Scarlett Johansson incarne avec intensité ce personnage à la fois aérien et profondément enraciné dans ses valeurs, sa famille et sa terre. Elle fait parfaitement passer les sentiments contradictoires qui l'animent, particulièrement dans la seconde partie du film, quand elle ravale sa fierté bafouée pour tenter de prévenir sa soeur du sort inéluctable qui l'attend.
Mais c'est surtout Natalie Portman qui impressionne, avec son premier véritable rôle de salope de compétition. D'abord douceureuse, puis calculatrice, elle montre une science de la manipulation et de l'intrigue d'autant plus monstrueuse qu'elle s'oppose au contre-point présenté par sa soeur. Elle atteint les dimensions des puissances infernales antiques, Médée ou Phèdre, notamment dans la scène qui suit sa fausse-couche, où la salle poussait des hurlements d'effroi et de dégoût. Mais même là, et justement là, elle sait rendre son personnage plausible et sa douleur crédible.

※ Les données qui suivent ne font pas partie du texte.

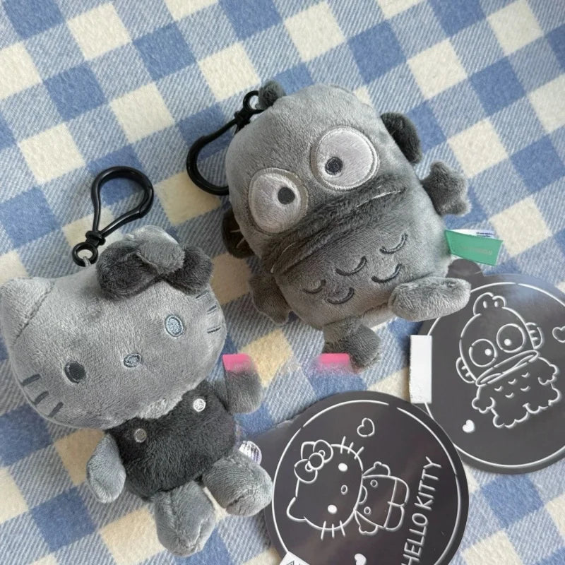 Kawaii Sanrio My Melody Hello Kitty Cartoon Plush Toys Black and White Keychain Backpack Pendant Decoration Girl Birthday Gift
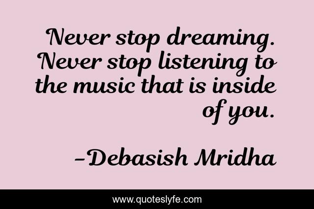 This page presents the quote "Never stop dreaming. Never stop listening to the music that is inside of you.". Author of this quote is Debasish Mridha. This quote is about never-stop-dreaming, philosophy, debasish-mridha, quotes, music, inspirational, dreaming, enthusiasm, debasish-mridha-m-d,.
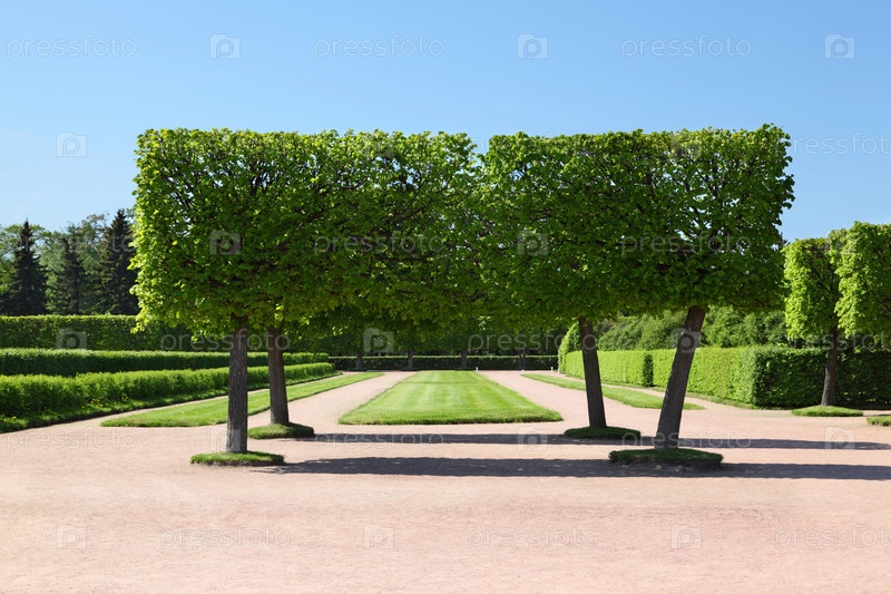 Симметричные деревья хребта выстраивают гравийный путь в солнечном саду

La réalisation n'est pas toujours à la hauteur du jeu des deux comédiennes. Certes, la reconstitution historique est parfaite, les costumes et les décors superbes, et la photographie réussit à s'inspirer des tableaux de la renaissance avec le même brio que Peter Webber l'avait fait dans "La Jeune fille à la Perle" - le plan de Scarlett Johansson portant sa nièce évoquant les vierges à l'enfant de la peinture flamande. Mais cette académisme est souvent trop voyant, et l'abus de filtres finit par se faire remarquer ; de plus, le scénario ne parvient pas à contourner le piège de la répétition (accouchement, fausse couche, accouchement...). En regardant "Deux soeurs pour un Roi", je repensais à la visite de Pocahontas à la cour d'Angleterre dans "Le Nouveau Monde", et à l'impression d'émerveillement circonspect de la princesse indienne que Terrence Malick avait si bien su restituer. C'est cette légerté qui manque, et qui aurait fourni une respiration bienvenue dans cette histoire si noire.
Malgré cette réserve, "Deux soeurs pour un Roi" se distingue du film historique lambda par un intrigue réellement prenante, et surtout par la qualité sans faille du jeu de deux des meilleures comédiennes de ce début de XXI° siècle.